> Work required
With pictures left out, only the lines from the one containing "Default IP Address: 192.168.0.100" through the end of the records should be reproduced exactly, please.

Source records

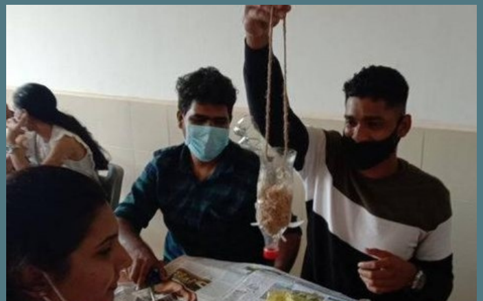
Students making a bird feeder out of waste.
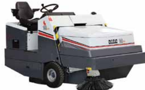
Model: DULEVO 120 ELITE (EH)

Sweeping Width: 1100mm Centre Brush: 750 mm Side 2 Brushes Width: 1440 mm Filter Surface Area: 6 m/sq Maximum Speed: 6 km/h Working Capacity: 11,600 m 2 /h Waste Hopper Capacity: 220 L Weight: 570 Kg Dimensions (LxWxH): 1990x1230x1400 mm
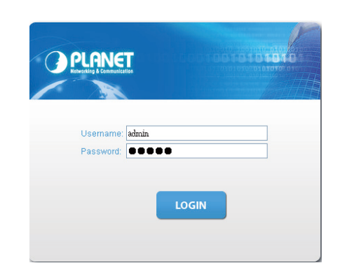
Figure 4-2 Login Screen

Default IP Address: 192.168.0.100 Default User Name: admin Default Password: admin
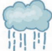
वर्षाको पानी संचितिकरण

> Answer for the task
Default IP Address: 192.168.0.100 Default User Name: admin Default Password: admin
वर्षाको पानी संचितिकरण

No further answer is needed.